*** Opening of DATA TO EXAMINE ***

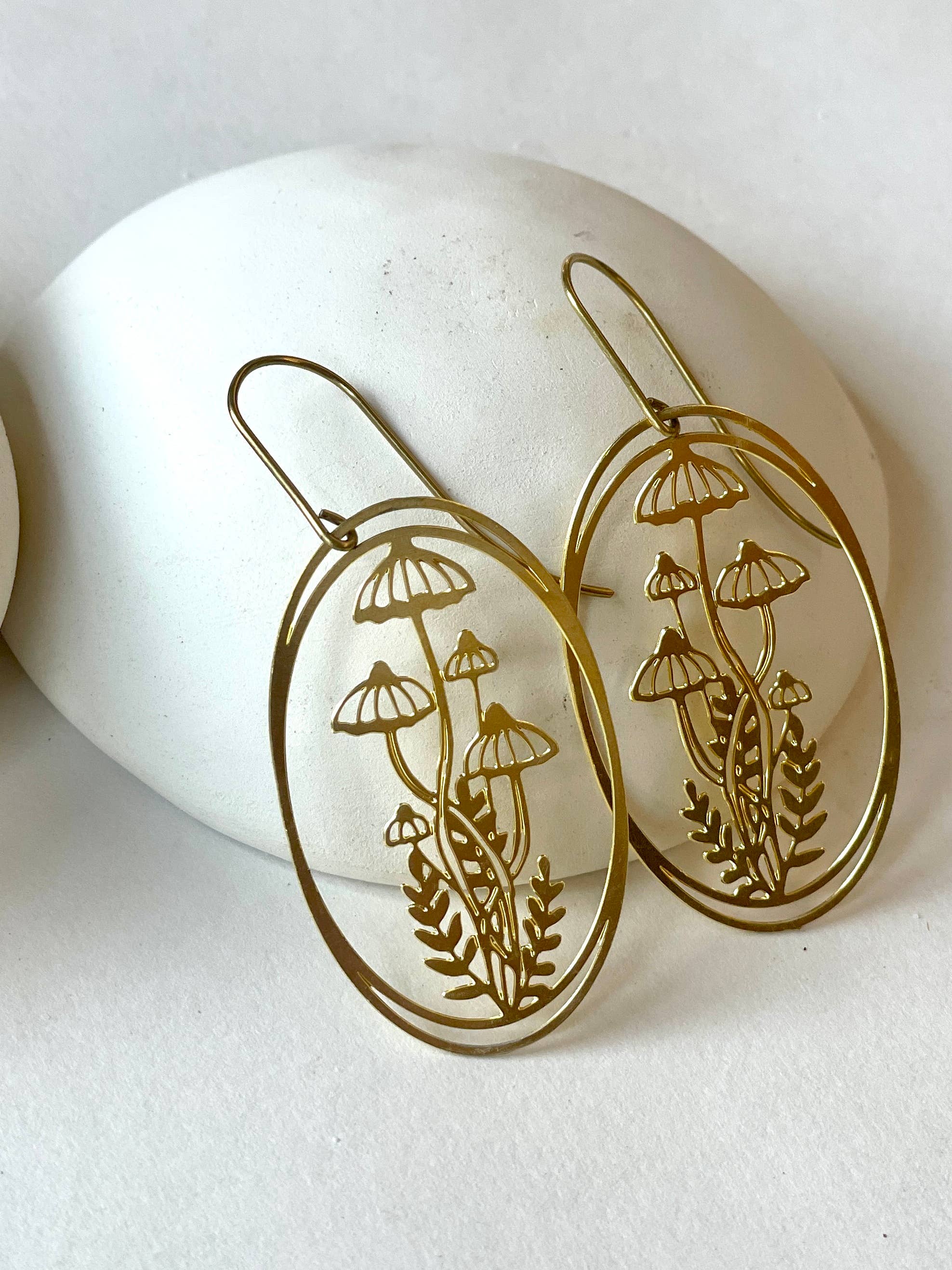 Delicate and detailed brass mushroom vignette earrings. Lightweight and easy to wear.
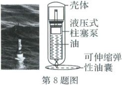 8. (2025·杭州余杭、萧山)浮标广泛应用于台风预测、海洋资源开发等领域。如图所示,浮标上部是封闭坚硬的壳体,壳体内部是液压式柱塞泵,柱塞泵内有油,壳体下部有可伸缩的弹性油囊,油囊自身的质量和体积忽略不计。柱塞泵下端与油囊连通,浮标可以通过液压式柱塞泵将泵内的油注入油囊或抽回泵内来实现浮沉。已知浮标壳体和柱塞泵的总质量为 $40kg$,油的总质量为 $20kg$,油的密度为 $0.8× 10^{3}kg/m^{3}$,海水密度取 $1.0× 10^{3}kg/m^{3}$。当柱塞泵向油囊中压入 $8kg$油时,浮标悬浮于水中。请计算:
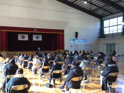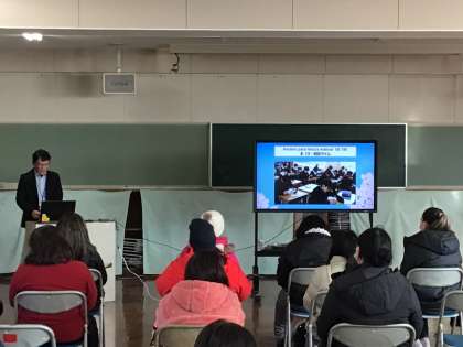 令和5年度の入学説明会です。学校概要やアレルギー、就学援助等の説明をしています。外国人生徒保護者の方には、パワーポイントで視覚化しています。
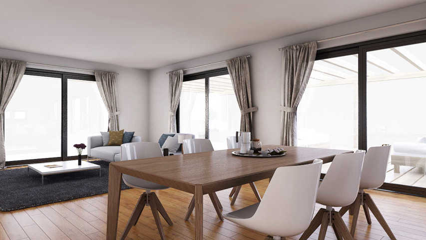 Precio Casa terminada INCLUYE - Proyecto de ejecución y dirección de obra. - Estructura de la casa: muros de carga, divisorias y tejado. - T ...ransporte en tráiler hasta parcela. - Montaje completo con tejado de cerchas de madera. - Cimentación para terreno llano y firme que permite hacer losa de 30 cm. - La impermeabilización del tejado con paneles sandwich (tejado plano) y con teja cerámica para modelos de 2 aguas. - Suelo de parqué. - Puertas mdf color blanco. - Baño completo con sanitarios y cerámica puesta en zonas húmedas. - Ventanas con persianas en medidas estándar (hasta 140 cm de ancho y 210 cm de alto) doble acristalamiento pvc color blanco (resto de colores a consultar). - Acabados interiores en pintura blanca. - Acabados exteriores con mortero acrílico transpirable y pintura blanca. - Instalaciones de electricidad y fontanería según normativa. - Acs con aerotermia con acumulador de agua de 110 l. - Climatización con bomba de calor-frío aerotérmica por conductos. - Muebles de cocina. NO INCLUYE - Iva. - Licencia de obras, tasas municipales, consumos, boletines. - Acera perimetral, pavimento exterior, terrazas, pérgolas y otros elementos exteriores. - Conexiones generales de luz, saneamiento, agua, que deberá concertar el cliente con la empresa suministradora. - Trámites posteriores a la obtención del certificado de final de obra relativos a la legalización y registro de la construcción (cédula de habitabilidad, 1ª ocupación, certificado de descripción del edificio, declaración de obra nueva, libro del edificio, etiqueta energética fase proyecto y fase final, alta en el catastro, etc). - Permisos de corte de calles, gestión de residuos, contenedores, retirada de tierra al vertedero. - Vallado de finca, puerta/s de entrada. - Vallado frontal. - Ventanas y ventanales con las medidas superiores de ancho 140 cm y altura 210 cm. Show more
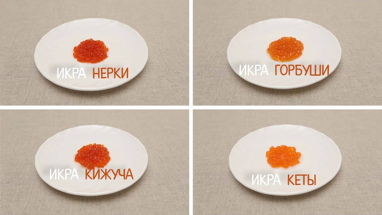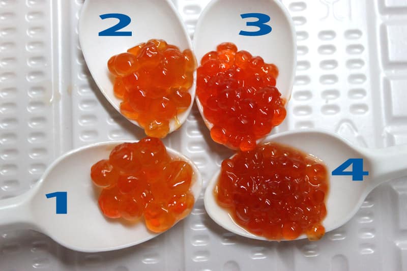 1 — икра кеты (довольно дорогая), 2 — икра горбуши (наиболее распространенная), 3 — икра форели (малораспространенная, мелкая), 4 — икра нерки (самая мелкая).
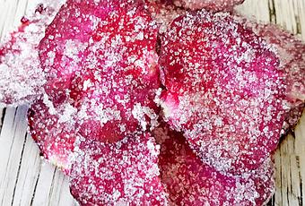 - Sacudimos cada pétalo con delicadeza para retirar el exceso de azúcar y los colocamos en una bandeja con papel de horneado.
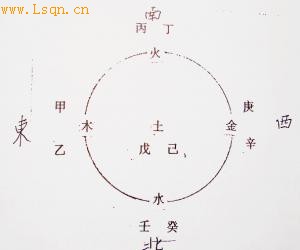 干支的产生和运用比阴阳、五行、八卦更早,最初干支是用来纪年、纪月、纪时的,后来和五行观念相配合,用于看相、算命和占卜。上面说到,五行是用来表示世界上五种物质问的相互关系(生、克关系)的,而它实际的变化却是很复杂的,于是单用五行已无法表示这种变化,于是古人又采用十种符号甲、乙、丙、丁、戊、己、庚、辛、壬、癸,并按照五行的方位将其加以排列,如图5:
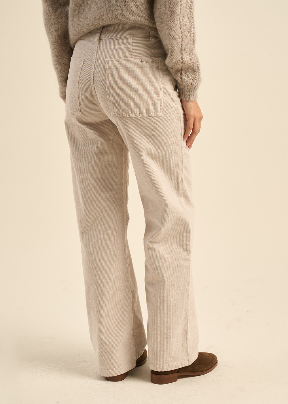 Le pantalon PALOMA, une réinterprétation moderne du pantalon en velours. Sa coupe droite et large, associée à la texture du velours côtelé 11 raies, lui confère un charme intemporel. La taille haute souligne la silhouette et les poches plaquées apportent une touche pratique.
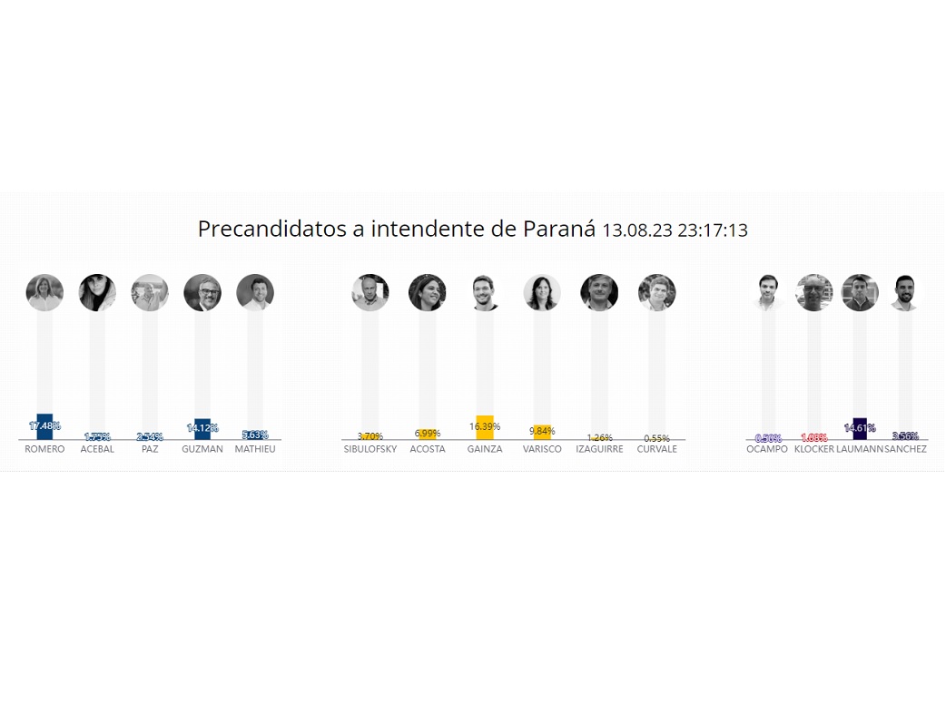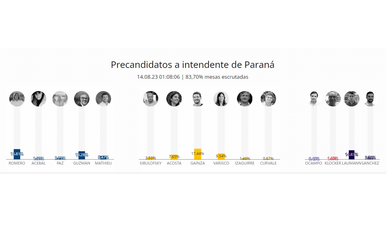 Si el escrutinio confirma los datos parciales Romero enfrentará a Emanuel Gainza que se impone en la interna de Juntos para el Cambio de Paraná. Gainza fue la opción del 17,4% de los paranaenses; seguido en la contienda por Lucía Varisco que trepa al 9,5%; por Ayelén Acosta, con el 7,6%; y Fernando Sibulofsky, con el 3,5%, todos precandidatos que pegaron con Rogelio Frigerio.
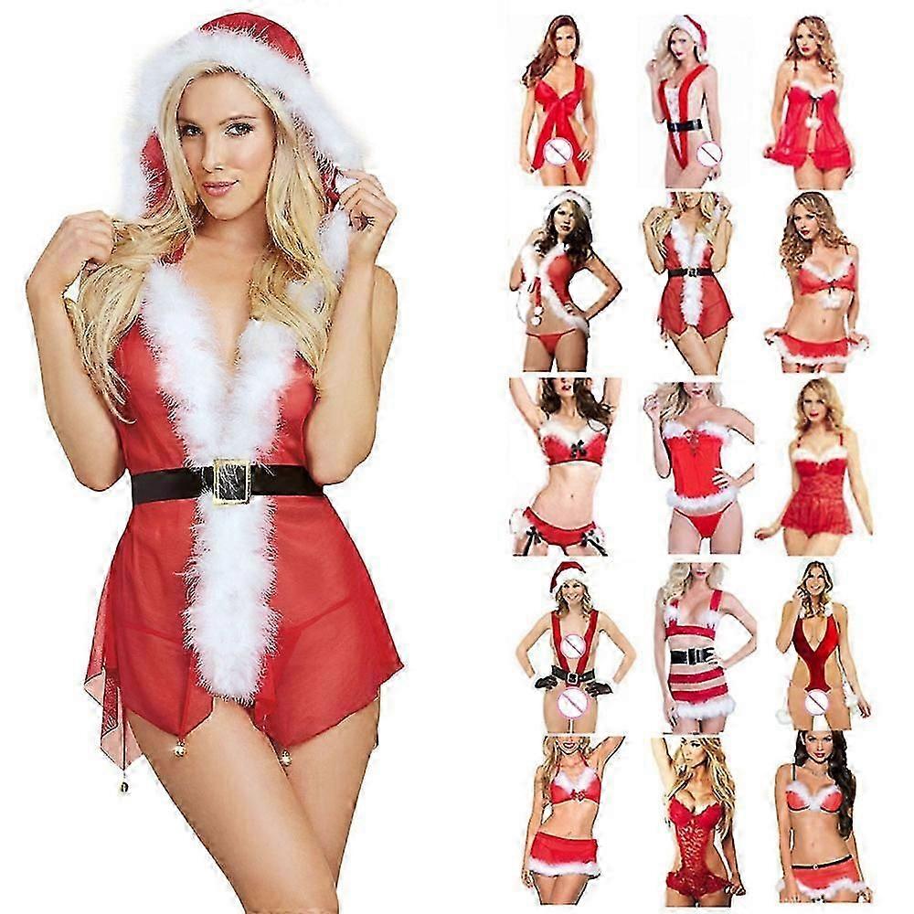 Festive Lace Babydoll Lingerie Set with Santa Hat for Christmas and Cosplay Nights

*** Close of DATA TO EXAMINE ***

**WHAT IS NEEDED:** Print the data again word for word, pictures excluded.

**RESULT OF THIS TASK:**
 Delicate and detailed brass mushroom vignette earrings. Lightweight and easy to wear.
 8. (2025·杭州余杭、萧山)浮标广泛应用于台风预测、海洋资源开发等领域。如图所示,浮标上部是封闭坚硬的壳体,壳体内部是液压式柱塞泵,柱塞泵内有油,壳体下部有可伸缩的弹性油囊,油囊自身的质量和体积忽略不计。柱塞泵下端与油囊连通,浮标可以通过液压式柱塞泵将泵内的油注入油囊或抽回泵内来实现浮沉。已知浮标壳体和柱塞泵的总质量为 $40kg$,油的总质量为 $20kg$,油的密度为 $0.8× 10^{3}kg/m^{3}$,海水密度取 $1.0× 10^{3}kg/m^{3}$。当柱塞泵向油囊中压入 $8kg$油时,浮标悬浮于水中。请计算:
 令和5年度の入学説明会です。学校概要やアレルギー、就学援助等の説明をしています。外国人生徒保護者の方には、パワーポイントで視覚化しています。
 Precio Casa terminada INCLUYE - Proyecto de ejecución y dirección de obra. - Estructura de la casa: muros de carga, divisorias y tejado. - T ...ransporte en tráiler hasta parcela. - Montaje completo con tejado de cerchas de madera. - Cimentación para terreno llano y firme que permite hacer losa de 30 cm. - La impermeabilización del tejado con paneles sandwich (tejado plano) y con teja cerámica para modelos de 2 aguas. - Suelo de parqué. - Puertas mdf color blanco. - Baño completo con sanitarios y cerámica puesta en zonas húmedas. - Ventanas con persianas en medidas estándar (hasta 140 cm de ancho y 210 cm de alto) doble acristalamiento pvc color blanco (resto de colores a consultar). - Acabados interiores en pintura blanca. - Acabados exteriores con mortero acrílico transpirable y pintura blanca. - Instalaciones de electricidad y fontanería según normativa. - Acs con aerotermia con acumulador de agua de 110 l. - Climatización con bomba de calor-frío aerotérmica por conductos. - Muebles de cocina. NO INCLUYE - Iva. - Licencia de obras, tasas municipales, consumos, boletines. - Acera perimetral, pavimento exterior, terrazas, pérgolas y otros elementos exteriores. - Conexiones generales de luz, saneamiento, agua, que deberá concertar el cliente con la empresa suministradora. - Trámites posteriores a la obtención del certificado de final de obra relativos a la legalización y registro de la construcción (cédula de habitabilidad, 1ª ocupación, certificado de descripción del edificio, declaración de obra nueva, libro del edificio, etiqueta energética fase proyecto y fase final, alta en el catastro, etc). - Permisos de corte de calles, gestión de residuos, contenedores, retirada de tierra al vertedero. - Vallado de finca, puerta/s de entrada. - Vallado frontal. - Ventanas y ventanales con las medidas superiores de ancho 140 cm y altura 210 cm. Show more
 1 — икра кеты (довольно дорогая), 2 — икра горбуши (наиболее распространенная), 3 — икра форели (малораспространенная, мелкая), 4 — икра нерки (самая мелкая).
 - Sacudimos cada pétalo con delicadeza para retirar el exceso de azúcar y los colocamos en una bandeja con papel de horneado.
 干支的产生和运用比阴阳、五行、八卦更早,最初干支是用来纪年、纪月、纪时的,后来和五行观念相配合,用于看相、算命和占卜。上面说到,五行是用来表示世界上五种物质问的相互关系(生、克关系)的,而它实际的变化却是很复杂的,于是单用五行已无法表示这种变化,于是古人又采用十种符号甲、乙、丙、丁、戊、己、庚、辛、壬、癸,并按照五行的方位将其加以排列,如图5:
 Le pantalon PALOMA, une réinterprétation moderne du pantalon en velours. Sa coupe droite et large, associée à la texture du velours côtelé 11 raies, lui confère un charme intemporel. La taille haute souligne la silhouette et les poches plaquées apportent une touche pratique.
 Si el escrutinio confirma los datos parciales Romero enfrentará a Emanuel Gainza que se impone en la interna de Juntos para el Cambio de Paraná. Gainza fue la opción del 17,4% de los paranaenses; seguido en la contienda por Lucía Varisco que trepa al 9,5%; por Ayelén Acosta, con el 7,6%; y Fernando Sibulofsky, con el 3,5%, todos precandidatos que pegaron con Rogelio Frigerio.
 Festive Lace Babydoll Lingerie Set with Santa Hat for Christmas and Cosplay Nights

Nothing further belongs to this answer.